Ia juga menambahkan bahwa kegiatan serupa kerap dilakukan SADAP Indonesia melalui berbagai kegiatan yang dilakukan sejak 2017 lalu.

“Sejak terbentuk dari 2017 lalu, SADAP terus konsisten melakukan edukasi dan kampanye tentang toleransi dan keberagaman melalui kegiatan yang diselenggarakan. Mulai dari Ahmadiyah, Sikh dan Bahai turut kami kenalkan melalui berbagai platform dan kegiatan bersama” tambahnya.

Melalui Pendekatan Sosialisasi Anti Perundungan

TBM Tanjung Saleh berjarak kurang lebih satu setengah jam dari Kota Pontianak. Untuk sampai ke lokasi tersebut, perjalanan ditempuh melalui jalur darat dan dilanjutkan dengan menaiki kapal melintasi muara sungai. TBM yang didirikan oleh Badariah ini ini turut menjadi tempat belajar dan pengembangan diri puluhan anak-anak yang ada disana.
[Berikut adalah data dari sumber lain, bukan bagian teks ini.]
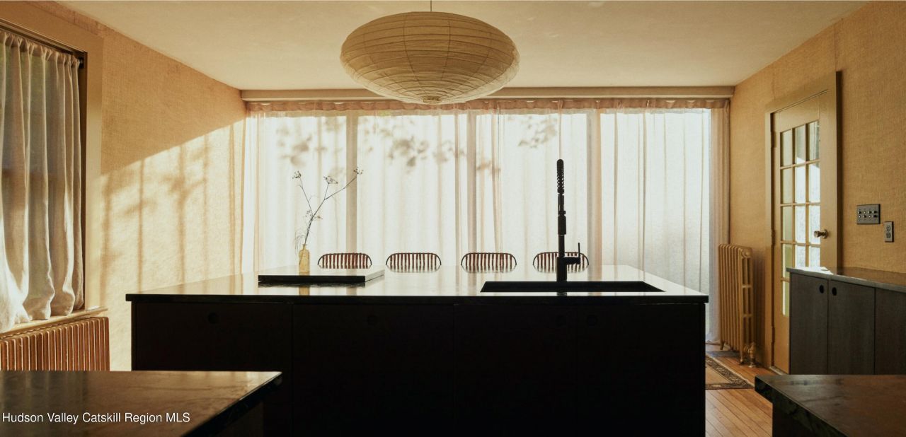 Perfectly sited on an historic River Road skirting the Hudson, the c.1820 Garrett Sickles House was expertly treated to a four-year restoration completed in 2023. This well-proportioned center hall was reimagined in collaboration with famed interior designer Nick Spain, and the house has been impeccably renovated from stem to stern: boasting of timeless finishes, modern conveniences and a touch of Brutalism in its cast. Featured in the likes of Wallpaper* and Upstate House, this property drips with timeless cool: original details are found throughout, from lavishly wide floorboards and chestnut ceiling beams to original moldings and an early American fireplace. The first floor presents a newly-designed kitchen featuring a massive green soapstone island and striking floor-to-ceiling & wall-to-wall windows - creating a bucolic diorama with its natural setting of fields and trees. A professional grade French door refrigerator and separate butlers pantry, Bosch dishwasher and oversized Verona stove make cooking and hosting next level. The dining room features a new wood-burning stove, foot-wide floorboards, beautiful wall coverings and dramatic lighting. The golden and earthy tones continue to the living room, where symmetrical design makes the working fireplace the focus and six-over-six windows allow the western sunset to bathe the space in natural light. Off the living room, the first floor bath nods to modernism with a custom concrete sink, green concrete-skimmed walls and imported handmade plumbing mixing with the original restored clawfoot tub. An adjacent home office sits on the southeast corner of the home with windows on both sides, making it the perfect place to focus and find inspiration. Upstairs, the color palette lightens. A guest bedroom with its own private staircase has two built-in beds, allowing guests autonomy and seclusion. The primary oversized bedroom holds large windows on three sides. Cross breezes keep the space cool in the summer, and the internal chimney warms the home on winter nights. A second bedroom adjoins the main bedroom, as does a custom bathroom featuring Waterworks fixtures, a deep soaking tub, a double sink and floor to ceiling handmade Spanish tiles. Outside, the original cedar facade of the home was hand restored and finished. An inviting porch on the front of the house and a larger one on the back makes for the perfect setting to read a great book or share in conversation with friends. The Garrett Sickles House is a true, move in-ready oasis featuring new household elements: two newly rebuilt & refined chimneys, roof, 1500 g concrete septic tank, leech field, plumbing, oil tank, 400amp electric system (ready for your EV), appliances, Generac backup power system, and custom Marvin Signature Ultimate windows. And the Stuyvesant location is equidistant from the center of bustling Hudson and charismatic Kinderhook. There is never a loss of things to do at the Garrett Sickles house. Warren Street in Hudson is a short drive and features a number of highly-regarded restaurants, art galleries and clothing stores. Bartlett house, Coopers Daughter, Art Omi, Kinderhook Farms, The Jack Shainman School, Klocke Estate and dozens of other attractions are all within the immediate area, ensuring that weekend getaways are always entertaining. The home is also available fully and partially furnished - pricing option available

Dalam mengenalkan Bahai, SADAP Indonesia turut melibatkan penganut agama Bahai untuk datang dan berkolaborasi memberikan edukasi khususnya tentang mencegah bahaya perundungan khususnya bagi anak-anak. “Kami berkolaborasi bersama Bahai memberi edukasi tentang bahaya perundungan. Belajar dan bermain bersama anak-anak di Tanjung Saleh. Kami berharap, melalui kegiatan ini anak-anak dapat mendapat edukasi bahaya perundungan sekaligus mengenal agama Bahai,” pungkas Rio.